Reviewed, no violations foundPolicyBot confirms it ran against the policies you have access to and nothing crossed the confidence threshold.
Reviewed, violations foundPolicyBot lists each finding with policy name, severity, AI confidence, and a link to the policy, with a comment on each affected slide.

In every case, the summary ends with PolicyBot’s closing paragraph asking you to verify removal via Share → Manage Access. PolicyBot removes the deck from its own Shared with me view automatically; the manual verification is a defense-in-depth step.

Each comment is anchored to the slide that contains the flagged text. The body ends with the actual rule and the metadata so you can size up the finding without leaving the deck:

WARNING: This passage discloses an internal product roadmap to an external recipient.

— “No internal product roadmaps may be shared with external parties without explicit VP approval.” High severity · 87% confidence · https://app.inpolicy.ai/policies/conf-roadmap-1

When a policy calls for a rewrite or redaction, PolicyBot includes the proposed replacement inline at the top of the comment body:

Suggested replacement: “[REDACTED]”

Personal email addresses must be redacted before external sharing.

— “PII must not be disclosed in customer-facing communications.” Critical severity · 92% confidence · https://app.inpolicy.ai/policies/pii-1

PowerPoint has no “Accept” / “Reject” affordance for comment-attached suggestions, so applying a fix is a manual copy-paste from the comment into the slide.

The fields:

  • Quoted rule — the exact policy text that flagged the passage.
  • Severity — Minor, Low, Medium, High, or Critical. Set per policy by your admin or Policy Lead.
  • Confidence — how sure PolicyBot’s model is, from 0–100%. Each policy has a configurable threshold; below it, PolicyBot stays silent.
  • Policy link — the URL to the policy detail page in InPolicy. Inside PowerPoint comments the link renders as plain text; copy-paste it into your browser to open.

PolicyBot removes the file from its own Shared with me view when it finishes a review. As a defense-in-depth measure, you can also verify or manually revoke access:

  1. Open the deck in PowerPoint for the web.
  2. Click Share (top-right) → Manage Access.
  3. Find policybot@inpolicy.ai in the people list.
  4. Click the dropdown next to PolicyBot and select Remove direct access.

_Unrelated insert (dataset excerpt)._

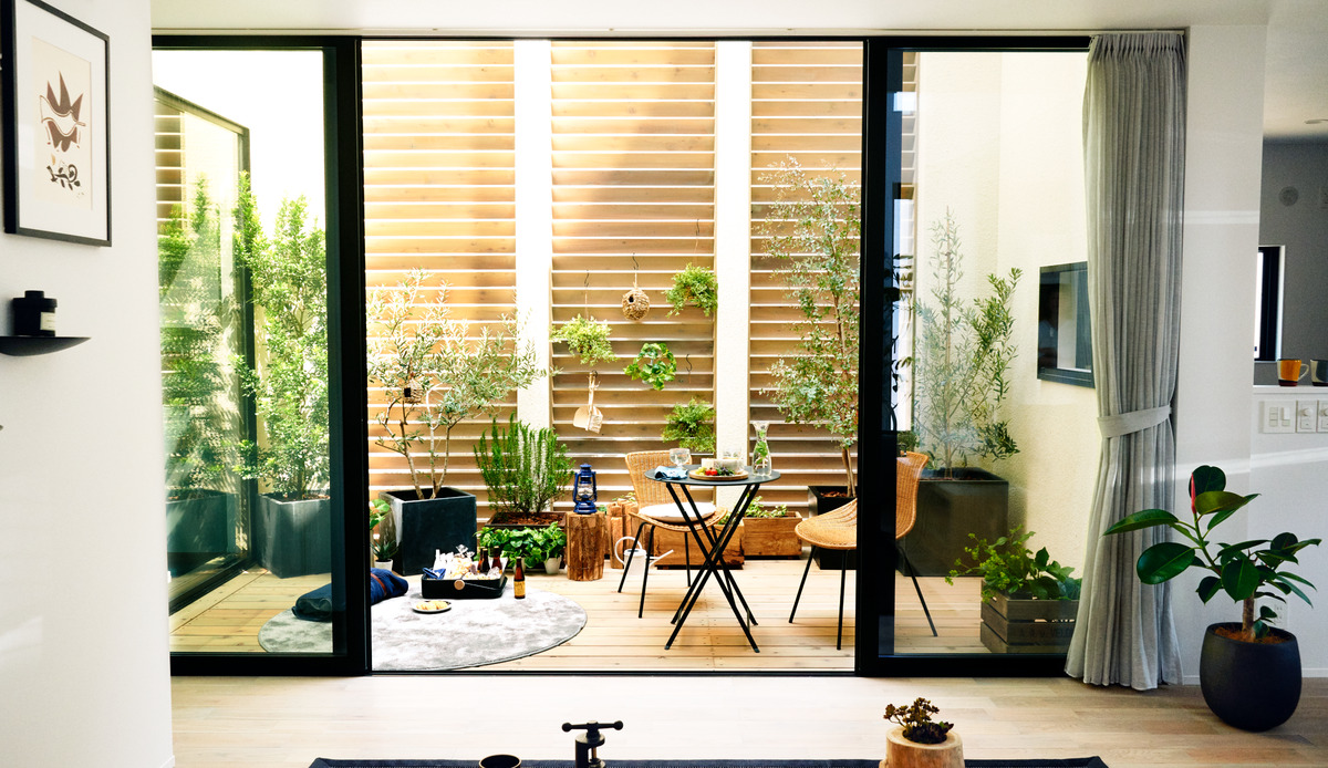 玄関を開けると目の前に広がるのが、この家の中心となるアウトドアリビング。リビングと一体感のあるこの空間では、グリーンを眺めながら、食事や読書を楽しむことができます。

Re-sharing the file (with Can edit or Can review) busts our review cache, so the next review picks up your latest changes even if the deck hasn’t otherwise changed.

Re-sharing won’t duplicate prior comments. Before posting, PolicyBot checks the deck for its own existing comments and skips any whose slide and policy match a comment that’s still in place. Because PowerPoint comments are slide-level (not anchored to text), the dedupe key is (slide, policy) — two violations of the same policy on the same slide count as one for dedupe purposes.

PolicyBot only sees the decks you explicitly share with it. It uses the same policy-evaluation infrastructure as the rest of InPolicy and does not store your deck contents past the review window. See Privacy & data handling for the full data-handling policy.